**TASK TO COMPLETE**: Starting at the line holding "1月18日,由中国设备管理协" and finishing at the line holding "Магнітола android toyota", transcribe the material exactly, keeping both ends but no pictures.

**DATA TO EXAMINE**:
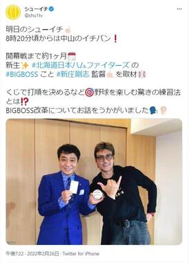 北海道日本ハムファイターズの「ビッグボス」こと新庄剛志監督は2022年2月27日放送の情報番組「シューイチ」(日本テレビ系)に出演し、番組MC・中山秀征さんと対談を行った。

==

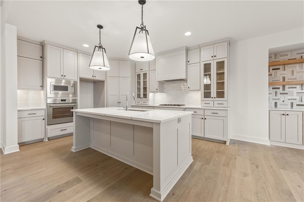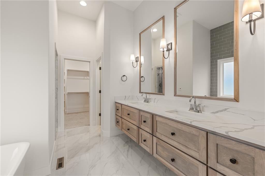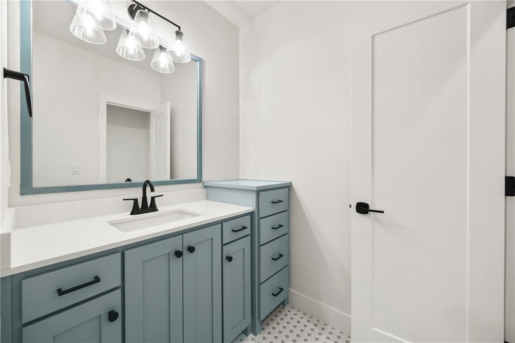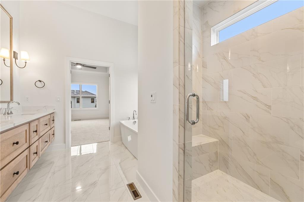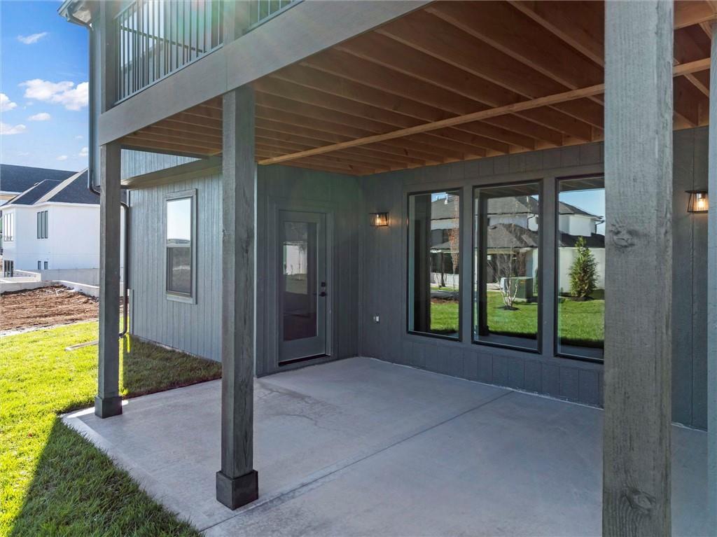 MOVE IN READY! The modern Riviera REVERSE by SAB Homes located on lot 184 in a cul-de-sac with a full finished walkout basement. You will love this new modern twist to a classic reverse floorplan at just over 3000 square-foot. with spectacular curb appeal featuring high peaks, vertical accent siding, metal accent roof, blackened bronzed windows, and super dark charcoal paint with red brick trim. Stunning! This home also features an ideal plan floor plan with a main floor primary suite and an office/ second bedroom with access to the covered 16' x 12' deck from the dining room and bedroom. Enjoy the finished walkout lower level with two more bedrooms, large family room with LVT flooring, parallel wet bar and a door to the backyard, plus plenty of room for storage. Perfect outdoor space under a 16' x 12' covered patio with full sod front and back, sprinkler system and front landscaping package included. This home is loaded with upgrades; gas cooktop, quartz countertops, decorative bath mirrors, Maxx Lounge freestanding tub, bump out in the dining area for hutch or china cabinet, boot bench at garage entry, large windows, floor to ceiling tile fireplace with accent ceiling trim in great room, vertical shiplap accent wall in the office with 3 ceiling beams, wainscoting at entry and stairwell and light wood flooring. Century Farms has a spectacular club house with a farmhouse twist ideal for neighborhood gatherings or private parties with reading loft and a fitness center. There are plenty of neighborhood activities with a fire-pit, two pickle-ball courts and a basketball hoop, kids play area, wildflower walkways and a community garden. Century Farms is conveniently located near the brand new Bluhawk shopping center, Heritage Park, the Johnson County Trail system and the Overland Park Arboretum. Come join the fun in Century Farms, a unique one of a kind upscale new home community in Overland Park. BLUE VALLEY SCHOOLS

--

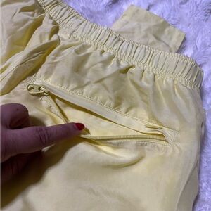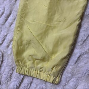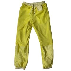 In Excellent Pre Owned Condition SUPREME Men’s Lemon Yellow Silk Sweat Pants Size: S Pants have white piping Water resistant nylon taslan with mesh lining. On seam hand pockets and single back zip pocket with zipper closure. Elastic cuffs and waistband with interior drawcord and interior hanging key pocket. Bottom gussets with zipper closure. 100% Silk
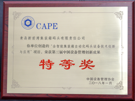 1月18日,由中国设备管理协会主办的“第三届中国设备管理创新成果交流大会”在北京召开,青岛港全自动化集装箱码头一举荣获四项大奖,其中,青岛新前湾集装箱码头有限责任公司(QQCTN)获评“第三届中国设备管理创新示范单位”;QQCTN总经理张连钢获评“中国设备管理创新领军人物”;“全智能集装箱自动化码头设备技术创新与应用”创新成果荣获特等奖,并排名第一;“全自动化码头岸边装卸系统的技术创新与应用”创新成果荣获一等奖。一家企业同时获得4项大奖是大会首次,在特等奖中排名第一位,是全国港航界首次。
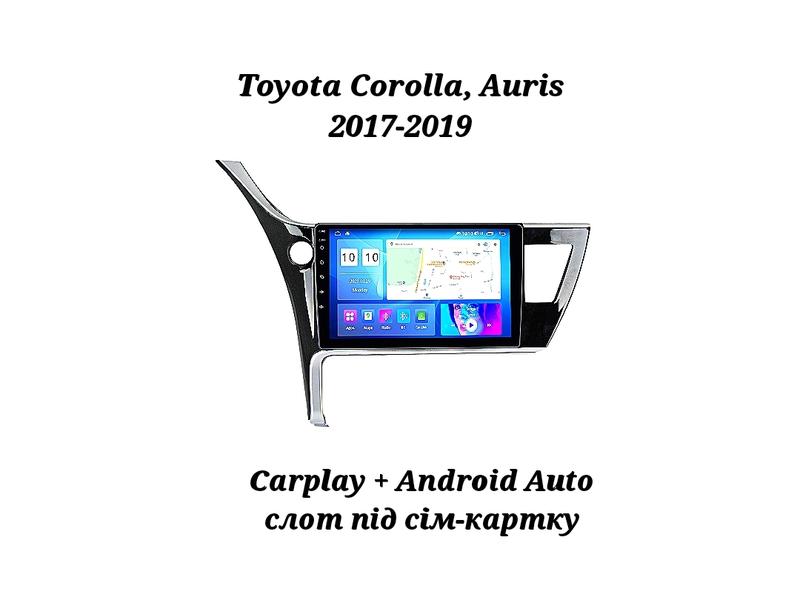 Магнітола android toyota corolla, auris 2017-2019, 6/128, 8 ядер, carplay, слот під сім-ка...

**RESULT**:
 1月18日,由中国设备管理协会主办的“第三届中国设备管理创新成果交流大会”在北京召开,青岛港全自动化集装箱码头一举荣获四项大奖,其中,青岛新前湾集装箱码头有限责任公司(QQCTN)获评“第三届中国设备管理创新示范单位”;QQCTN总经理张连钢获评“中国设备管理创新领军人物”;“全智能集装箱自动化码头设备技术创新与应用”创新成果荣获特等奖,并排名第一;“全自动化码头岸边装卸系统的技术创新与应用”创新成果荣获一等奖。一家企业同时获得4项大奖是大会首次,在特等奖中排名第一位,是全国港航界首次。
 Магнітола android toyota corolla, auris 2017-2019, 6/128, 8 ядер, carplay, слот під сім-ка...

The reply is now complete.